After 30,000 tickets, speed cameras attract backlash from drivers who call them a “ cash grab ”


Snellville Police said they sent more than 30,000 tickets since six-speed cameras were installed in school zones.

While some drivers say they are necessary, others say it’s all about the money.

Jason Bramlett said opening the mailbox and searching for a speeding ticket has become something of a routine.

“Every day we’ll come home and we’ll be like, hey, have another one,” Bramlett said. “This is a complete and utter seizure of the town of Snellville.”

He said he had received two tickets and a warning about speeding in the city. Bramlett thinks it’s not a matter of security, but of using technology to profit.

“Think about the amount of money they make on each ticket,” Bramlett said. “They wrote 30,000 tickets in three months? This is ridiculous.”

Snellville Police Lt. Zachary Sphar said cameras were activated near all three schools an hour before the morning bell until an hour after the dismissal bell. Under Georgia state law, cameras can only coerce drivers for exceeding the speed limit by more than 18 km.

The cameras are located across from South Gwinnett High School on Main Street, across from Snellville Middle School on Pate Road and across from Britt Elementary School on Skyland Drive.

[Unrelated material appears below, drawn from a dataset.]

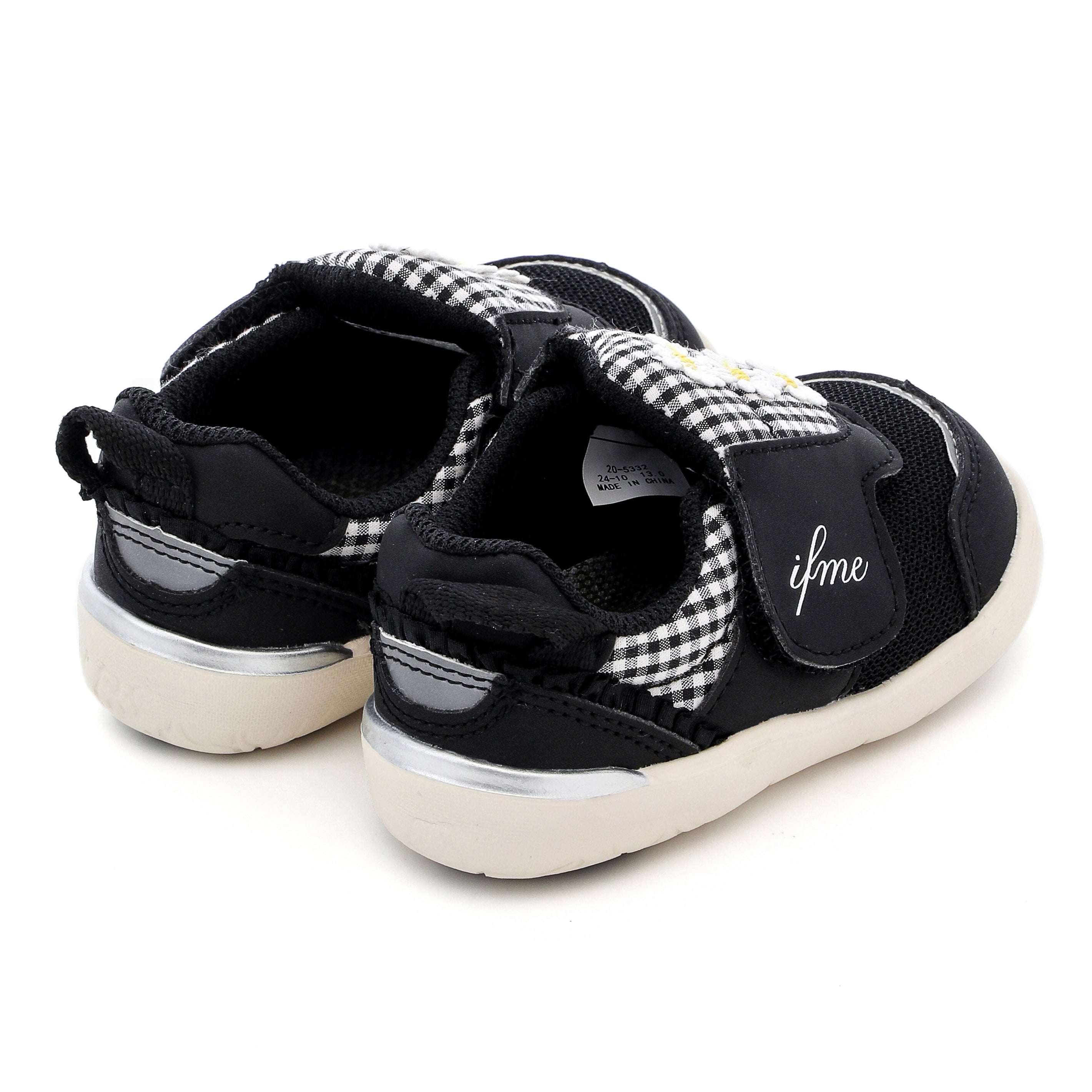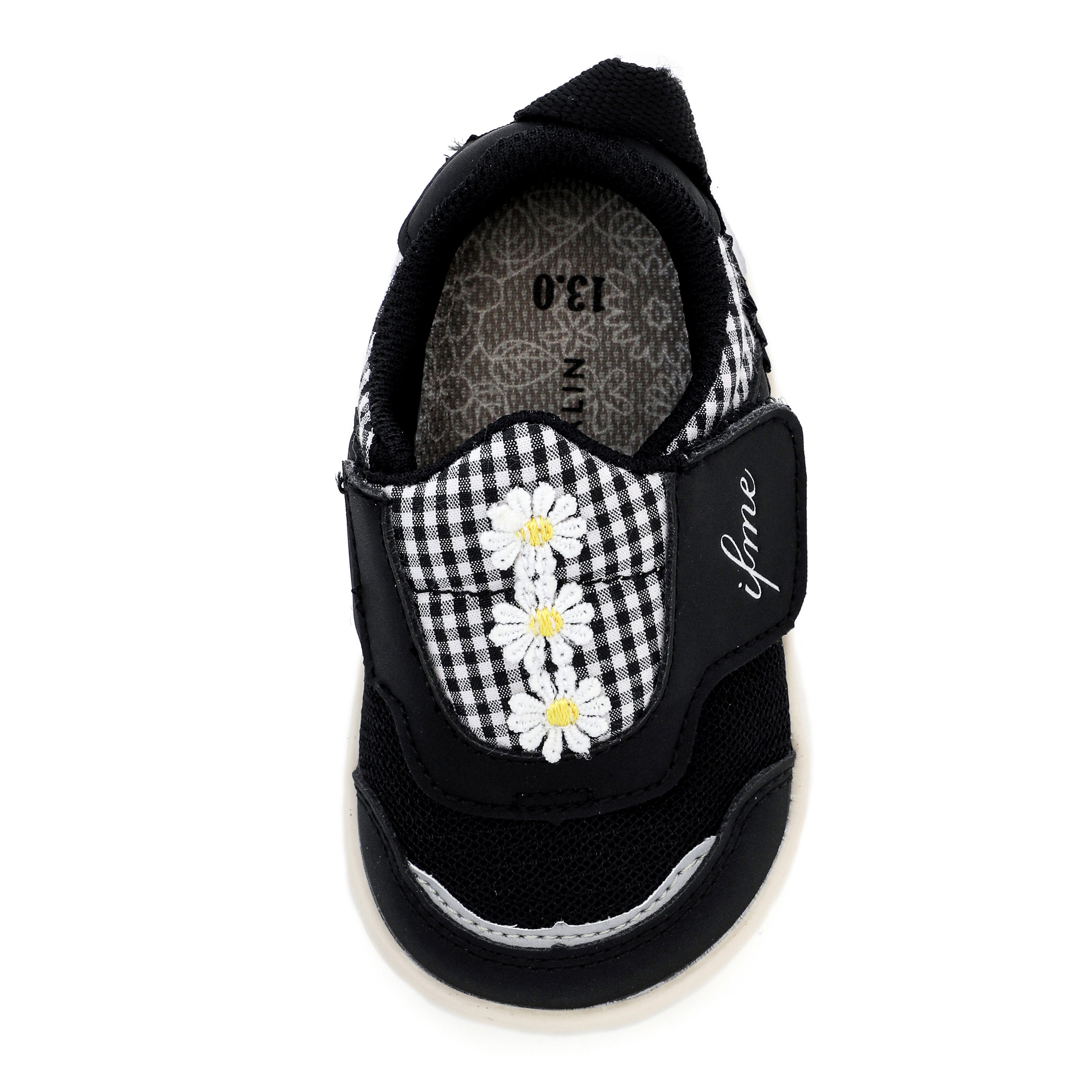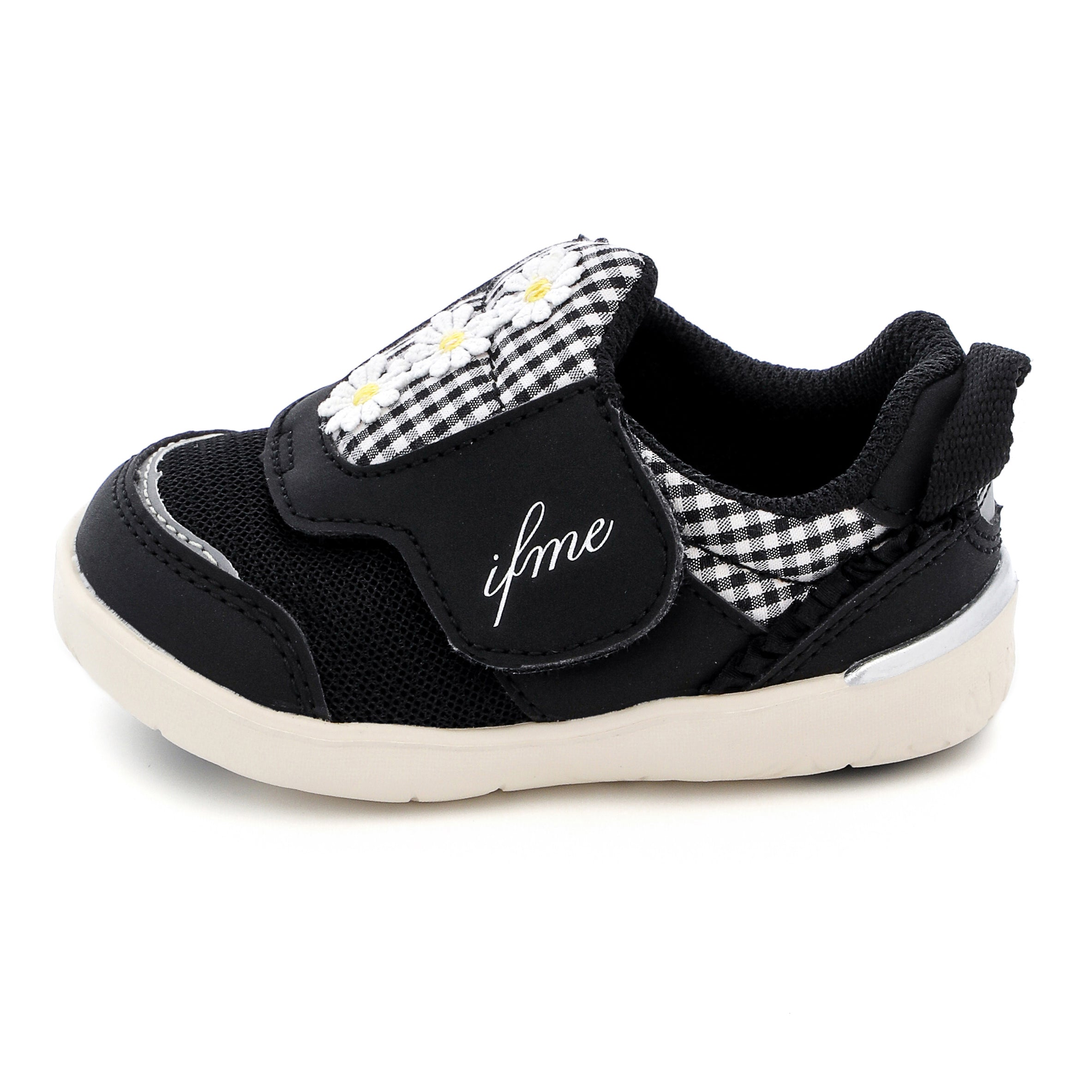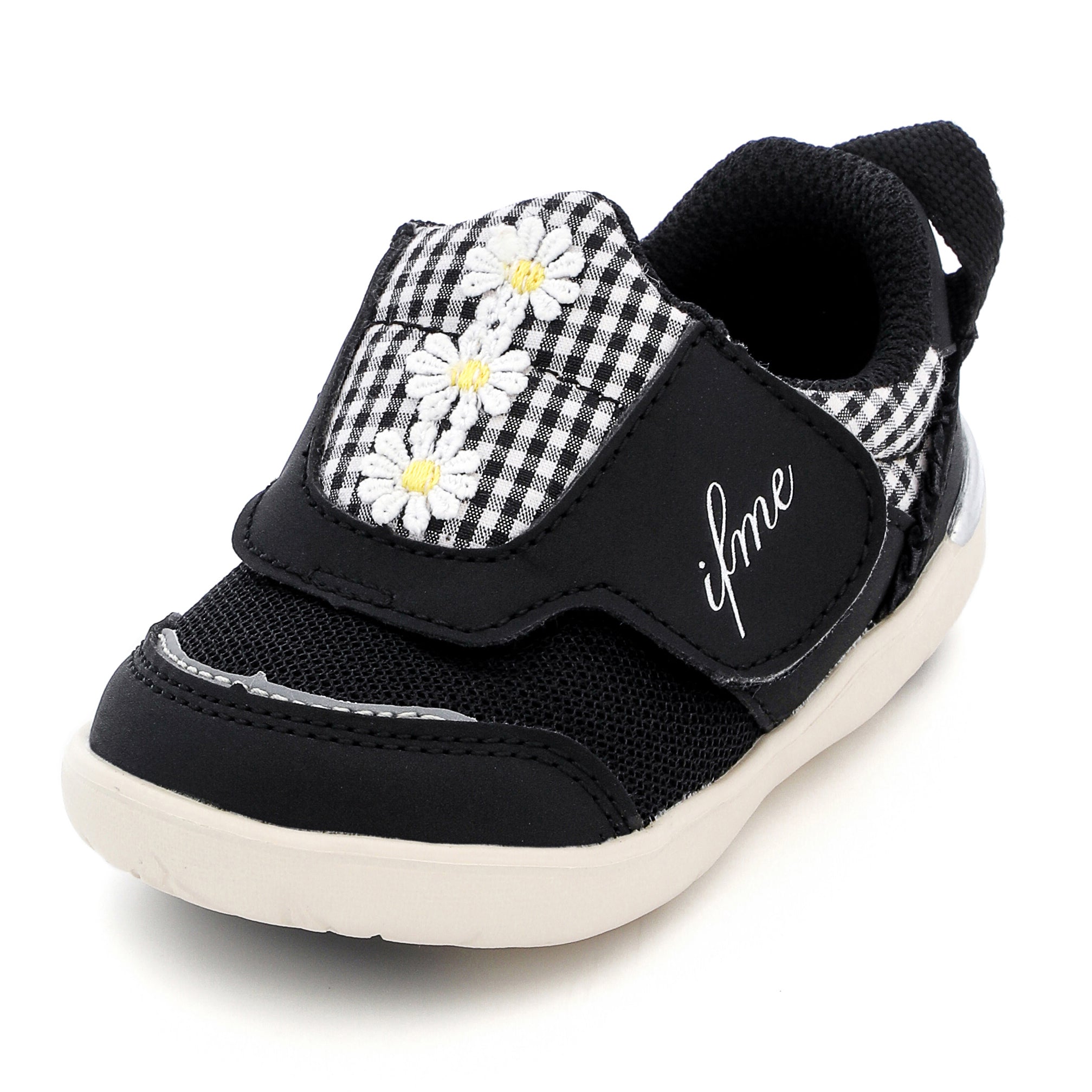 脱ぎ履き簡単なpattoスニーカー。ちょこんと並んだデイジーモチーフが魅力のシューズです。さりげなくあしらったチェック生地にもこだわり、キュートな一足に仕上げました。お揃いでキッズサイズもあります。

“The point is to get voluntary compliance because we are trying to keep the kids in high school safe,” Lt Sphar said. “The goal is public safety. I know people say it’s a drain on money, but it’s not. It’s about making people slow down.”

“It’s very sneaky because I drive there at least two or three times a day,” said Bramlett. “There is a small sign that points to the cameras.”

On the other hand, Woodrow Gaines, a Snellville resident, who also runs a safe driving course for teenagers, thinks the camera is a good way to get people to slow down.

“They don’t care,” Gaines said. “Someone’s life depends on our being aware of what we are doing when we are behind the wheel.”

Police began using the cameras in February, which began with a 30-day grace period during which they sent out warnings. Now, drivers will receive an $ 80 ticket for their first offense, and a $ 130 ticket each time thereafter.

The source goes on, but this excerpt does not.